Starting at the line containing "ガラスビーズ 立体 くま" and ending at the line containing "为了更好的回答员工们在就业规", transcribe the listing below exactly. Keep both end lines, skip the pictures, and copy nothing else.
··· Input data
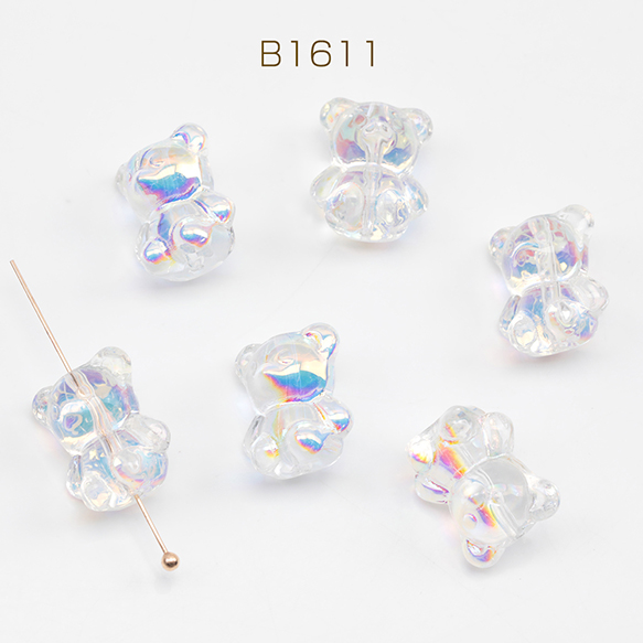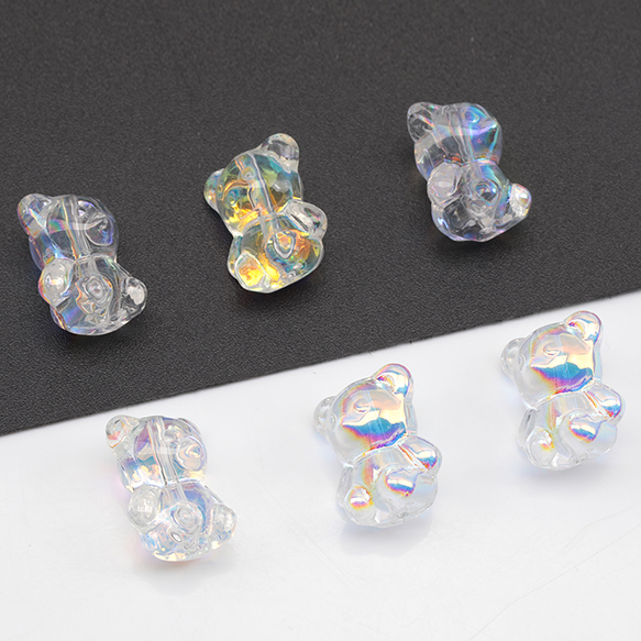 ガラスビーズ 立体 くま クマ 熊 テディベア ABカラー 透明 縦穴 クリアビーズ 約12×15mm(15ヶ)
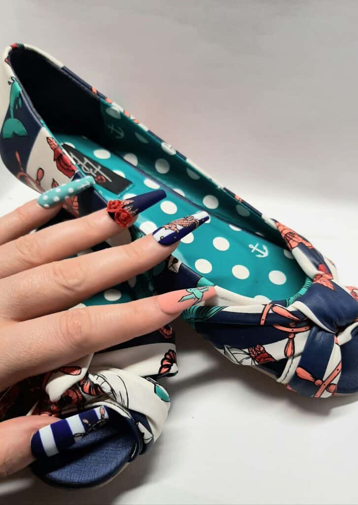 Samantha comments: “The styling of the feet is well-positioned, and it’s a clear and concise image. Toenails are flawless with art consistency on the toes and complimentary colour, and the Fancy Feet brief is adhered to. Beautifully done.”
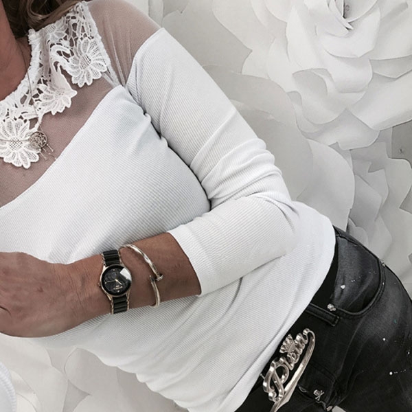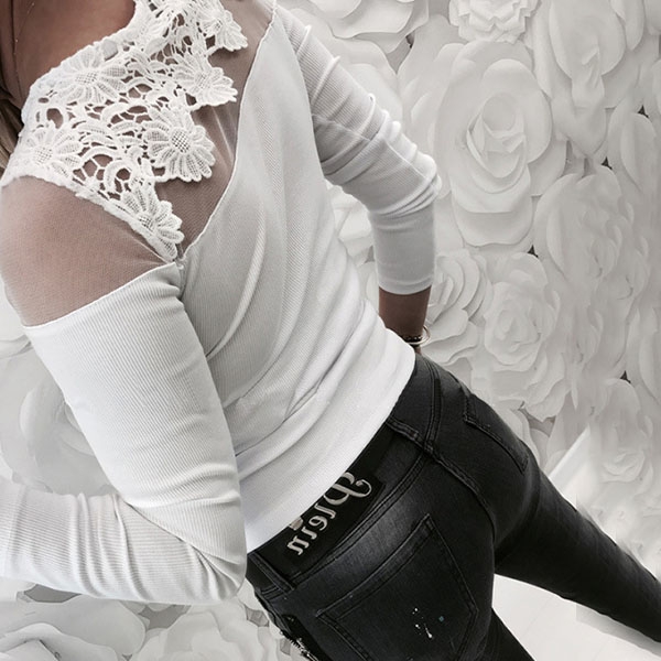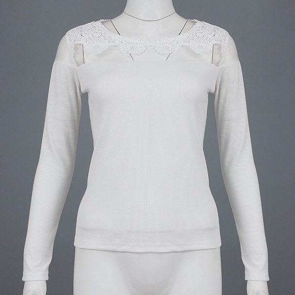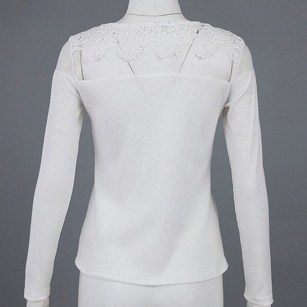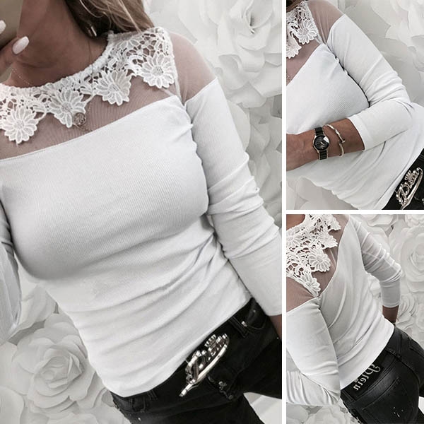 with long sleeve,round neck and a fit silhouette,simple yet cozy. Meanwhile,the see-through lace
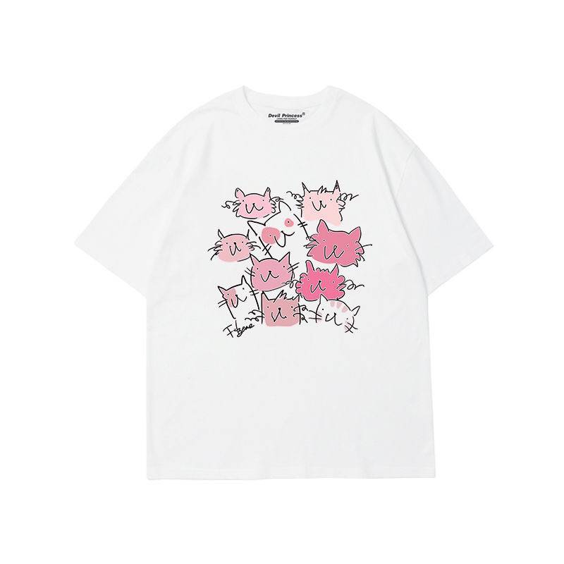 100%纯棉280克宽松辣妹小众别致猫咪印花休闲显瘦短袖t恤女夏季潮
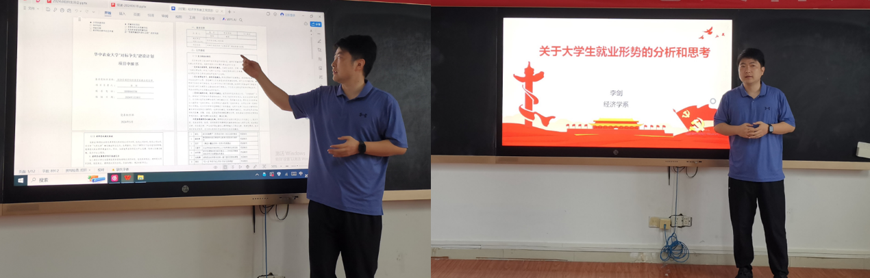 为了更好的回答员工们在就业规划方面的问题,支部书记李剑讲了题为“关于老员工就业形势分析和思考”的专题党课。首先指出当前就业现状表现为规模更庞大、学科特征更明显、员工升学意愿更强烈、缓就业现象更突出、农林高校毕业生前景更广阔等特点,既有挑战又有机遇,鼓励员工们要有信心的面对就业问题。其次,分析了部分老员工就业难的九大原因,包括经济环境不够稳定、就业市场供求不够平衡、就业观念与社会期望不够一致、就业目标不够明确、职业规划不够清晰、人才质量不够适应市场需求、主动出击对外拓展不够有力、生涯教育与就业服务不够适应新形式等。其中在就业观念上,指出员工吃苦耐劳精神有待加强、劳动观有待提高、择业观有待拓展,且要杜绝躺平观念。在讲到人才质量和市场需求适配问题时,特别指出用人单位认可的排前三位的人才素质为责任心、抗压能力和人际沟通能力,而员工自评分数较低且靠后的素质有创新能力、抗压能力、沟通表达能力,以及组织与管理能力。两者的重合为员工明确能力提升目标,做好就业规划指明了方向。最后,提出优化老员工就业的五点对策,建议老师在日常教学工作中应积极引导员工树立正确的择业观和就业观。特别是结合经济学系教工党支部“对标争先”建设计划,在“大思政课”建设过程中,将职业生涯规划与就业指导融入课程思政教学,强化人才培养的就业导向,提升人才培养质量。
······
··· Input data
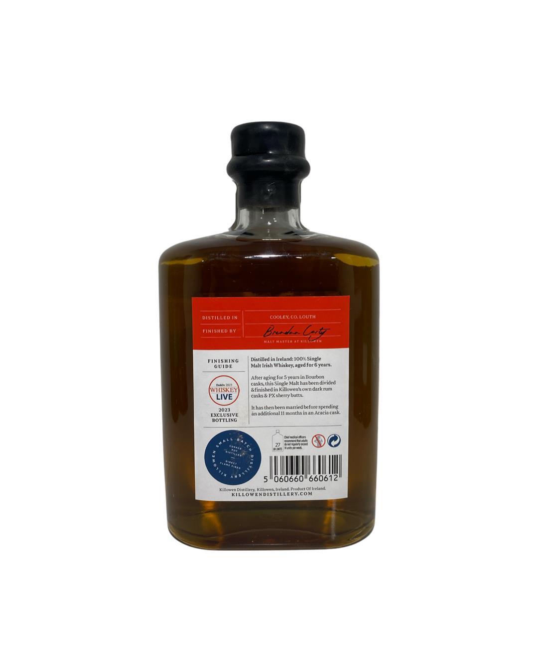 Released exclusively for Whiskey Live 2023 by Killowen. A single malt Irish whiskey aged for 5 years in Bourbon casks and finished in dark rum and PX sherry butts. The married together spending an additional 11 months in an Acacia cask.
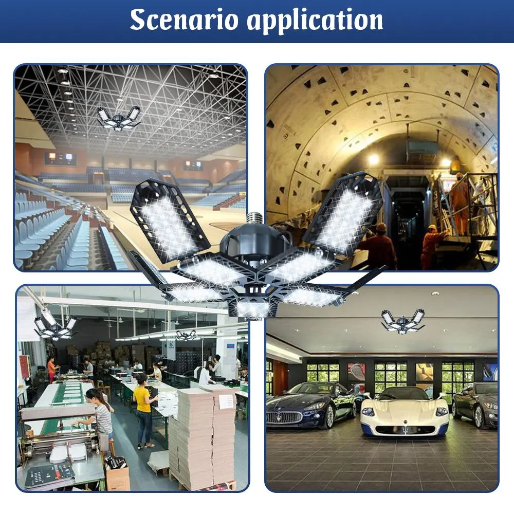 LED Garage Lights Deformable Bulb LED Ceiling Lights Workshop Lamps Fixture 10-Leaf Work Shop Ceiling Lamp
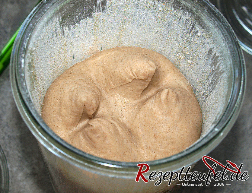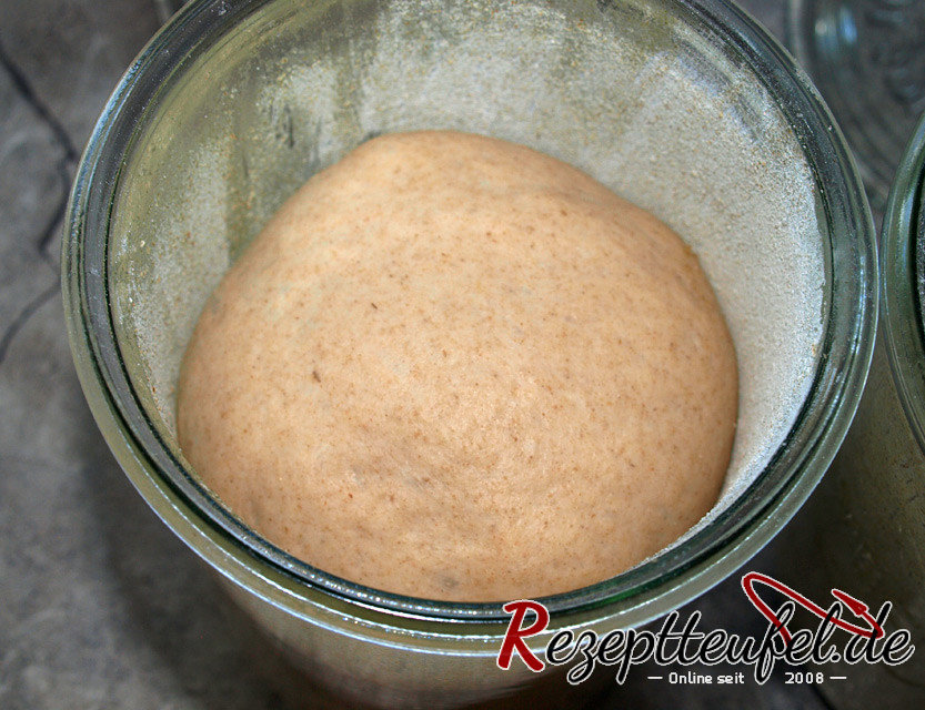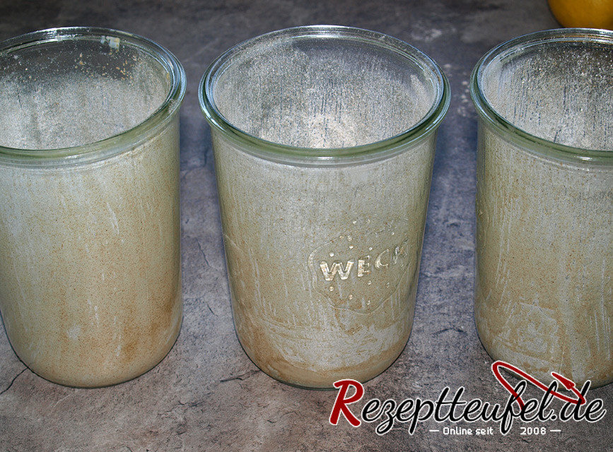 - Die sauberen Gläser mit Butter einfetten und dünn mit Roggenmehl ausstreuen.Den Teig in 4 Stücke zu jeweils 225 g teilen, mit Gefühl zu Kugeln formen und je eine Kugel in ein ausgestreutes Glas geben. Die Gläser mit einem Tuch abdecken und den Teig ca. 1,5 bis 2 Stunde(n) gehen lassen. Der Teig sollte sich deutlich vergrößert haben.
······
··· Input data
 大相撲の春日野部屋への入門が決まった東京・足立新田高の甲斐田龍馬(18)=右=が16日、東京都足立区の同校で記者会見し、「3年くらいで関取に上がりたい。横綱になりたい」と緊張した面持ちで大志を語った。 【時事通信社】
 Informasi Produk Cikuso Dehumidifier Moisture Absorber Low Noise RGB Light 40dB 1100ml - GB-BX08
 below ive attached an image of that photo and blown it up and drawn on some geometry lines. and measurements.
······
• **Exercise result**
 ガラスビーズ 立体 くま クマ 熊 テディベア ABカラー 透明 縦穴 クリアビーズ 約12×15mm(15ヶ)
 Samantha comments: “The styling of the feet is well-positioned, and it’s a clear and concise image. Toenails are flawless with art consistency on the toes and complimentary colour, and the Fancy Feet brief is adhered to. Beautifully done.”
 with long sleeve,round neck and a fit silhouette,simple yet cozy. Meanwhile,the see-through lace
 100%纯棉280克宽松辣妹小众别致猫咪印花休闲显瘦短袖t恤女夏季潮
 为了更好的回答员工们在就业规划方面的问题,支部书记李剑讲了题为“关于老员工就业形势分析和思考”的专题党课。首先指出当前就业现状表现为规模更庞大、学科特征更明显、员工升学意愿更强烈、缓就业现象更突出、农林高校毕业生前景更广阔等特点,既有挑战又有机遇,鼓励员工们要有信心的面对就业问题。其次,分析了部分老员工就业难的九大原因,包括经济环境不够稳定、就业市场供求不够平衡、就业观念与社会期望不够一致、就业目标不够明确、职业规划不够清晰、人才质量不够适应市场需求、主动出击对外拓展不够有力、生涯教育与就业服务不够适应新形式等。其中在就业观念上,指出员工吃苦耐劳精神有待加强、劳动观有待提高、择业观有待拓展,且要杜绝躺平观念。在讲到人才质量和市场需求适配问题时,特别指出用人单位认可的排前三位的人才素质为责任心、抗压能力和人际沟通能力,而员工自评分数较低且靠后的素质有创新能力、抗压能力、沟通表达能力,以及组织与管理能力。两者的重合为员工明确能力提升目标,做好就业规划指明了方向。最后,提出优化老员工就业的五点对策,建议老师在日常教学工作中应积极引导员工树立正确的择业观和就业观。特别是结合经济学系教工党支部“对标争先”建设计划,在“大思政课”建设过程中,将职业生涯规划与就业指导融入课程思政教学,强化人才培养的就业导向,提升人才培养质量。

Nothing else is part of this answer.